Right now I am using this to multiply matrix (4x4)
tmpM.p[0][0] = matA.p[0][0] * matB.p[0][0] + matA.p[0][1] * matB.p[1][0] + matA.p[0][2] * matB.p[2][0] + matA.p[0][3] * matB.p[3][0];
tmpM.p[0][1] = matA.p[0][0] * matB.p[0][1] + matA.p[0][1] * matB.p[1][1] + matA.p[0][2] * matB.p[2][1] + matA.p[0][3] * matB.p[3][1];
tmpM.p[0][2] = matA.p[0][0] * matB.p[0][2] + matA.p[0][1] * matB.p[1][2] + matA.p[0][2] * matB.p[2][2] + matA.p[0][3] * matB.p[3][2];
tmpM.p[0][3] = matA.p[0][0] * matB.p[0][3] + matA.p[0][1] * matB.p[1][3] + matA.p[0][2] * matB.p[2][3] + matA.p[0][3] * matB.p[3][3];
tmpM.p[1][0] = matA.p[1][0] * matB.p[0][0] + matA.p[1][1] * matB.p[1][0] + matA.p[1][2] * matB.p[2][0] + matA.p[1][3] * matB.p[3][0];
tmpM.p[1][1] = matA.p[1][0] * matB.p[0][1] + matA.p[1][1] * matB.p[1][1] + matA.p[1][2] * matB.p[2][1] + matA.p[1][3] * matB.p[3][1];
tmpM.p[1][2] = matA.p[1][0] * matB.p[0][2] + matA.p[1][1] * matB.p[1][2] + matA.p[1][2] * matB.p[2][2] + matA.p[1][3] * matB.p[3][2];
tmpM.p[1][3] = matA.p[1][0] * matB.p[0][3] + matA.p[1][1] * matB.p[1][3] + matA.p[1][2] * matB.p[2][3] + matA.p[1][3] * matB.p[3][3];
tmpM.p[2][0] = matA.p[2][0] * matB.p[0][0] + matA.p[2][1] * matB.p[1][0] + matA.p[2][2] * matB.p[2][0] + matA.p[2][3] * matB.p[3][0];
tmpM.p[2][1] = matA.p[2][0] * matB.p[0][1] + matA.p[2][1] * matB.p[1][1] + matA.p[2][2] * matB.p[2][1] + matA.p[2][3] * matB.p[3][1];
tmpM.p[2][2] = matA.p[2][0] * matB.p[0][2] + matA.p[2][1] * matB.p[1][2] + matA.p[2][2] * matB.p[2][2] + matA.p[2][3] * matB.p[3][2];
tmpM.p[2][3] = matA.p[2][0] * matB.p[0][3] + matA.p[2][1] * matB.p[1][3] + matA.p[2][2] * matB.p[2][3] + matA.p[2][3] * matB.p[3][3];
tmpM.p[3][0] = matA.p[3][0] * matB.p[0][0] + matA.p[3][1] * matB.p[1][0] + matA.p[3][2] * matB.p[2][0] + matA.p[3][3] * matB.p[3][0];
tmpM.p[3][1] = matA.p[3][0] * matB.p[0][1] + matA.p[3][1] * matB.p[1][1] + matA.p[3][2] * matB.p[2][1] + matA.p[3][3] * matB.p[3][1];
tmpM.p[3][2] = matA.p[3][0] * matB.p[0][2] + matA.p[3][1] * matB.p[1][2] + matA.p[3][2] * matB.p[2][2] + matA.p[3][3] * matB.p[3][2];
tmpM.p[3][3] = matA.p[3][0] * matB.p[0][3] + matA.p[3][1] * matB.p[1][3] + matA.p[3][2] * matB.p[2][3] + matA.p[3][3] * matB.p[3][3];
Is this a bad/slow idea?
Will it be more efficient to use a loop?
It will mostly depend on what the compiler manages to figure out from it.
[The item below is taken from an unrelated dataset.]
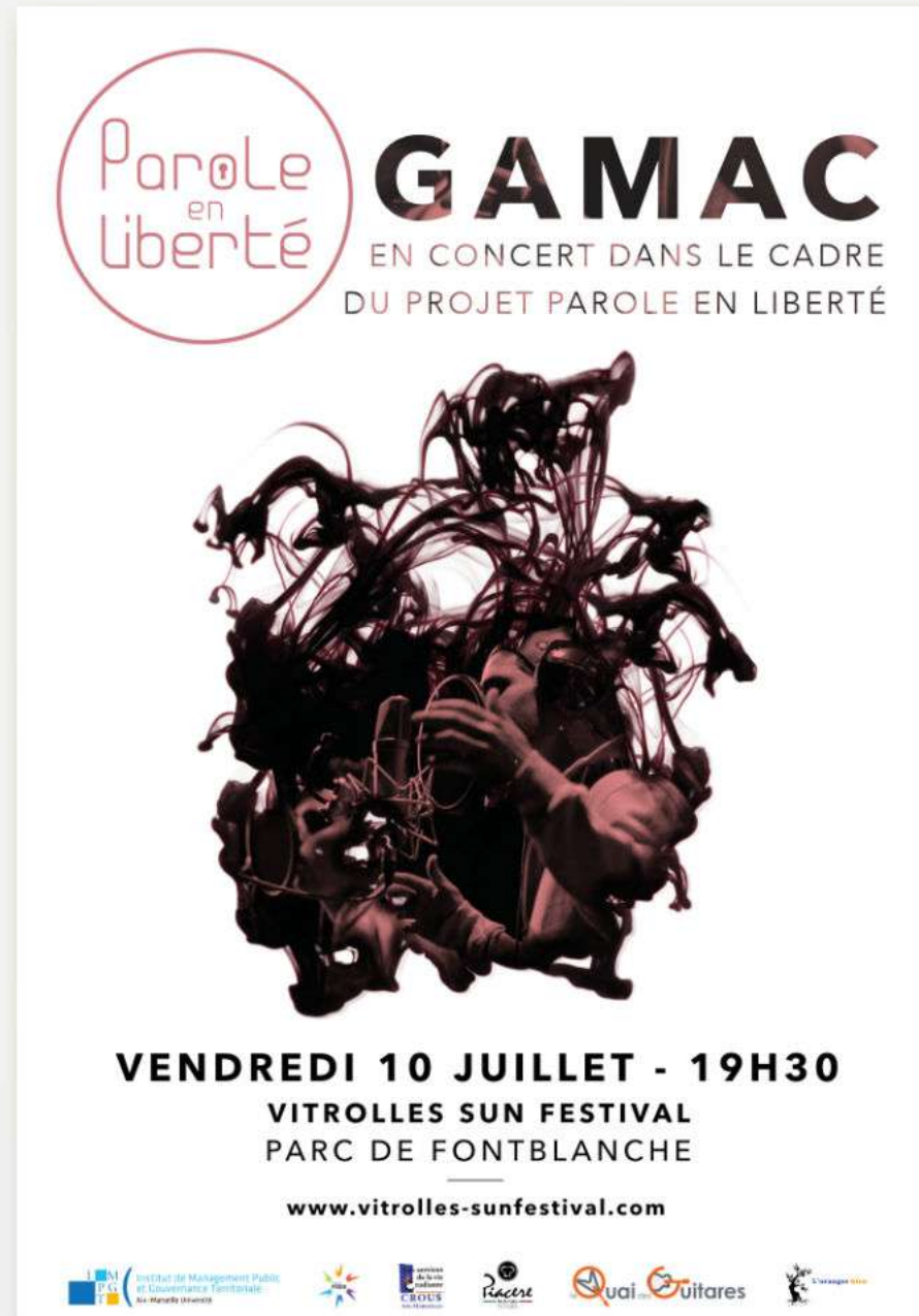
Illustration Mise en page

If you can't time the operation in a context similar or identical to use (which remains the best way to figure it out), then I would guess a loop with a functor (functor object or lambda) is likely the best bet for the compiler to be able to figure out a cache friendly unroll and a cheap access to the operation.
A half decent modern compiler will also most likely vectorize it on a CPU.